I was thinking this morning.... about colours and how it has evolved in Nigeria. If you think you are familiar with colour types, pick up Nigerian wedding invites and test yourself. A colleague invited me to his daughter's wedding and as I read the invite, I saw 'Colour of the Day; Aqua/Fayrouz Green.' 'Which one be Aqua/Fayrouz Green again na?' I had quipped. As I soliloquized, I recalled watching a Nigeria movie, 'Dance to my beat,' recently where the colour for the wedding was 'Champagne gold.' Trust me, when I heard 'champagne gold,' I struggled to picture what it will look like.
 
The way we are going in Nigeria, we will soon establish our own colour scheme. Haba naija!!! Until my adult life, I never knew that there were other colours aside from the basic primary and secondary colours we were taught in school. Since I started receiving wedding invitations, I now know that we have tertiary and now Nigeria colours.
 
But wait a minute, why have we chosen to depict our colours with food and drink instead of using the actual names? Could it be sheer laziness to find out what the shade of colour is called or our proclivity for 'owambe' or 'igbadun?' 'Think Party, Think Food and drinks!' Is the colour description meant to give an indication of what to expect at the event? Maybe. When the colour is Aqua/Fayrouz green, expect lots of water, Fayrouz and other soda drinks, but when it is champagne gold, you know what to expect.
 
I found out that the colour my friend called Fayrouz green could either be Lime, Pear, Chartreuse or even Parakeet and what they call champagne gold could either be Blonde, Daffodil or even Dandelion. If you think about it deeply, you will not blame Nigerians for being creative. Imagine reading the colour of the day in an invite to be 'Chartreuse or Parakeet,' how on earth will one know that it is a shade of green?
 
Yes it is creative associating the colour to something everyone is familiar with, my only grouse with our choice of description is that some are too elitist. For example, how can a typical waffi man know what champagne gold looks like when he has never drank champagne before?
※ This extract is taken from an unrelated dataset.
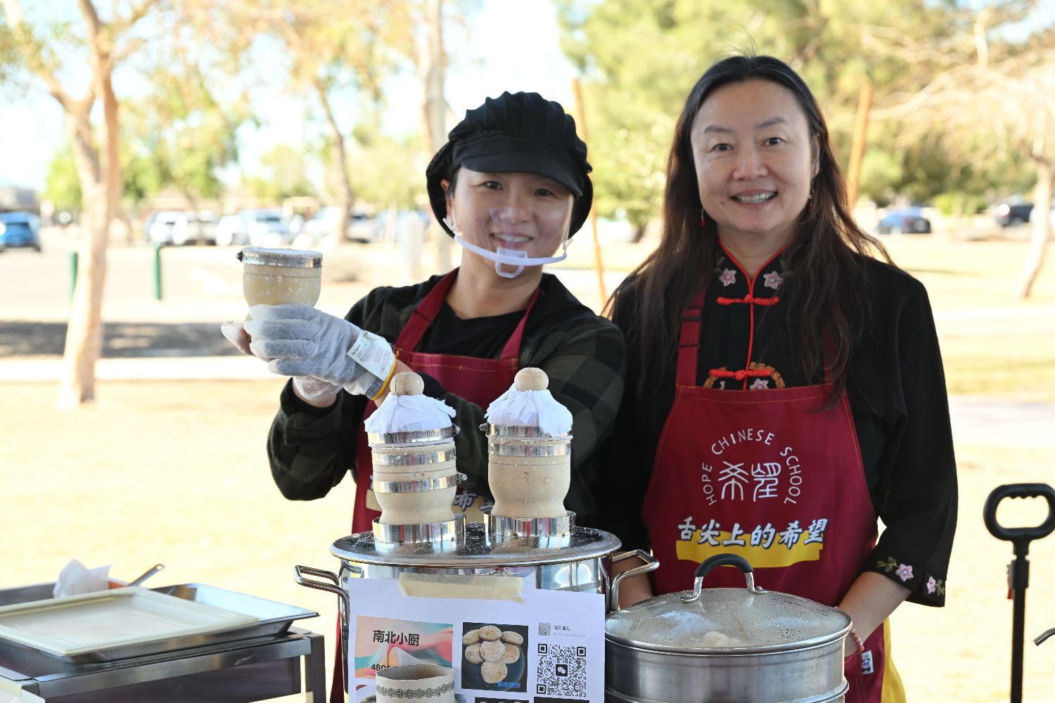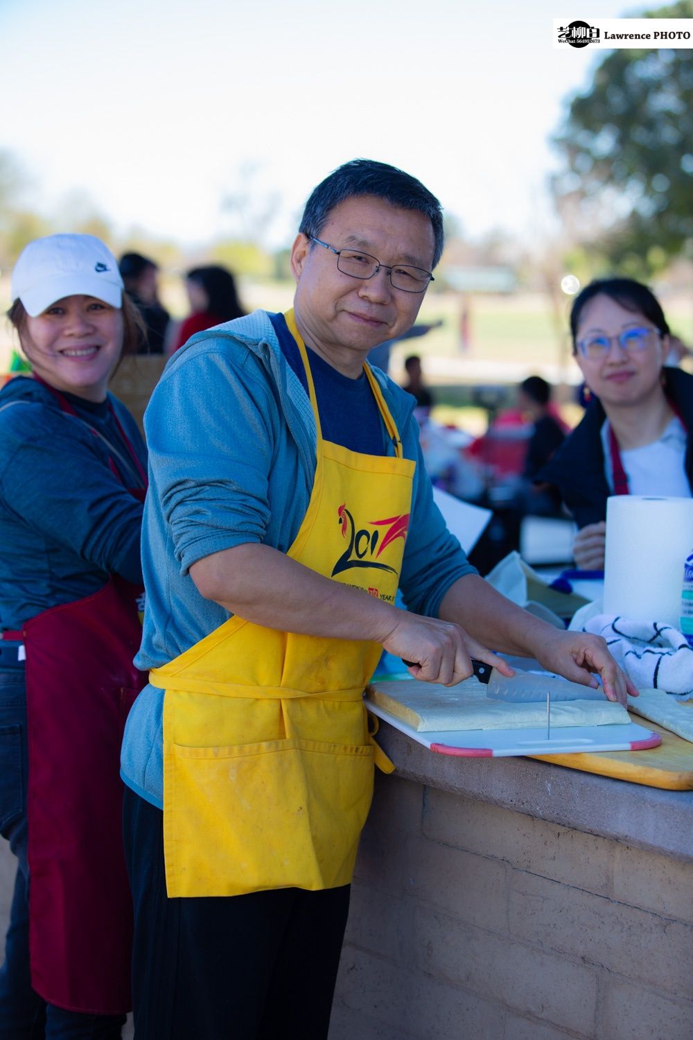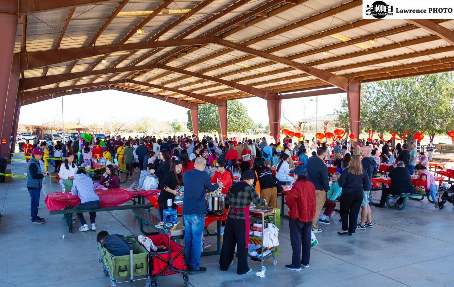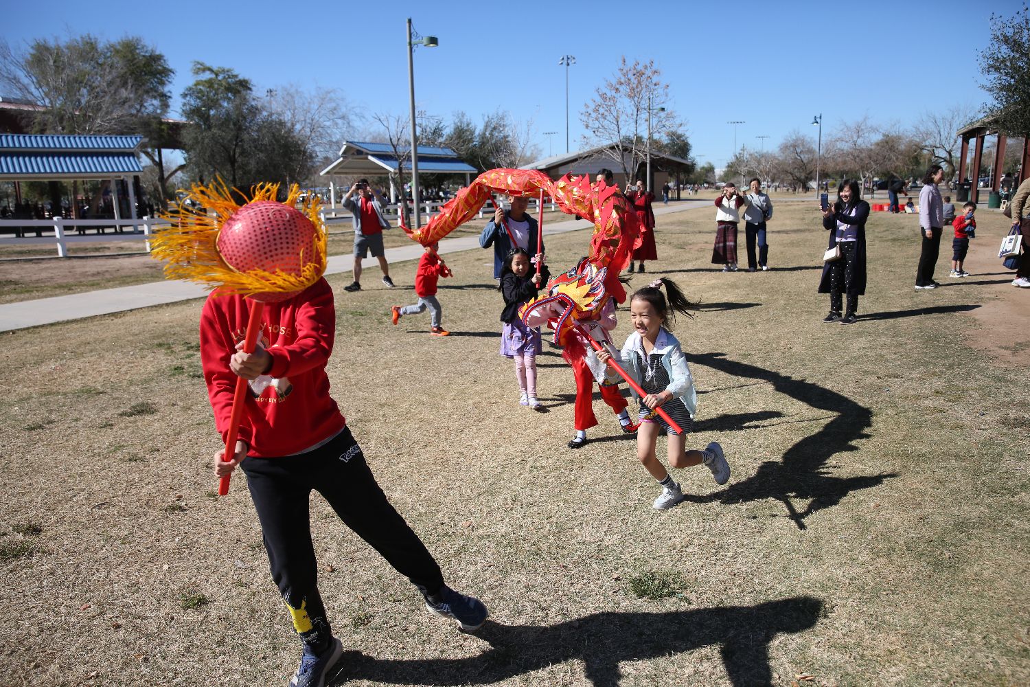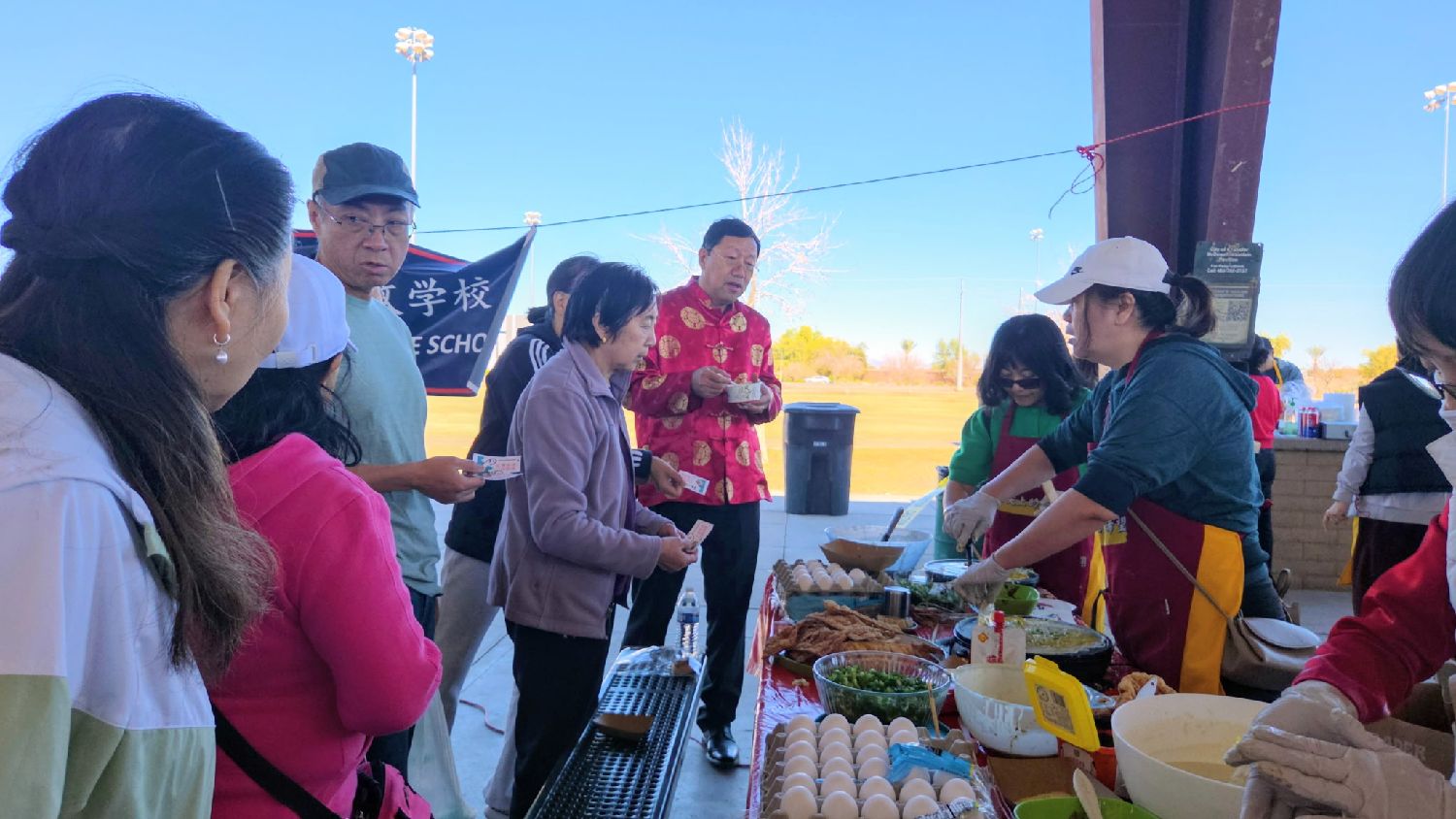 销魂饱腹,当此际!喧天的鼓声让人精神一振。英姿飒爽,彩扇飞舞,原来是腰鼓队的开场。紧接着,孩子们的Soda Pop,朝气蓬勃,老师们的拉丁舞,热情奔放,多姿多彩的才艺秀让人目不暇接。中午,主持人徐雪涛老师首先向大家拜了年。随后李健董事长在讲话中,盛赞了庙会的总指挥史敬嵬。我们的嘉宾CGCC校长CJ Wurster致辞中高度评价与希望中文学校长达十年的合作伙伴关系,並期待今后的长期合作发展。亚省地产赵鹏辉先生作为众多赞助本次庙会的机构与个人之一也致了辞。这场新春庙会非常荣幸地获得了广大社区的支持,包括AZ Community Foundation、AZ方太厨电、极光财富、赵鹏辉先生、舒之味、Top One Hot Top Asian Cuisine、南北小厨、Linda女士等等。接下来,自然是孩子们最开心的时刻。小朋友们欢蹦乱跳地排着长龙领红包,也领上一份新春的祝福。最后的压轴戏是新年福运大抽奖。咱们幸运的义工们,还穿着围裙呢,乐滋滋地上前领奖,全场笑声掌声阵阵,同喜同乐。

Instead of saying 'champagne gold,' why don't they say 'Chinchin gold?' They can also use 'Alomo Bitters red,' 'Dogonyaro green,' 'Indomie cream,' 'Coca Cola black' and so on.
 
Another challenge I have with our brand of colour scheme creation is that it feeds the 'aso-ebi agenda.' All I can say is that it is well.
 
In closing my colourful thought, I am pleading with event planners to minimize the description of colours with food and drinks because it masks the essence of the occasion. For example, the message of Isaiah 1:18 is repentance and salvation, now imagine a Nigerian invite reading, 'Come now, let us reason together, says the Lord; though your sins are like Alomo bitters red, they shall be as white as rice; though they are red like Valentino wine, they shall become white like fresh pounded yam.' Be careful with your illustrations. May God help us to manage our 'igbadun mentality.'
 
Happy Sunday.
 
.....Just the thoughts of a certain Wey Mey.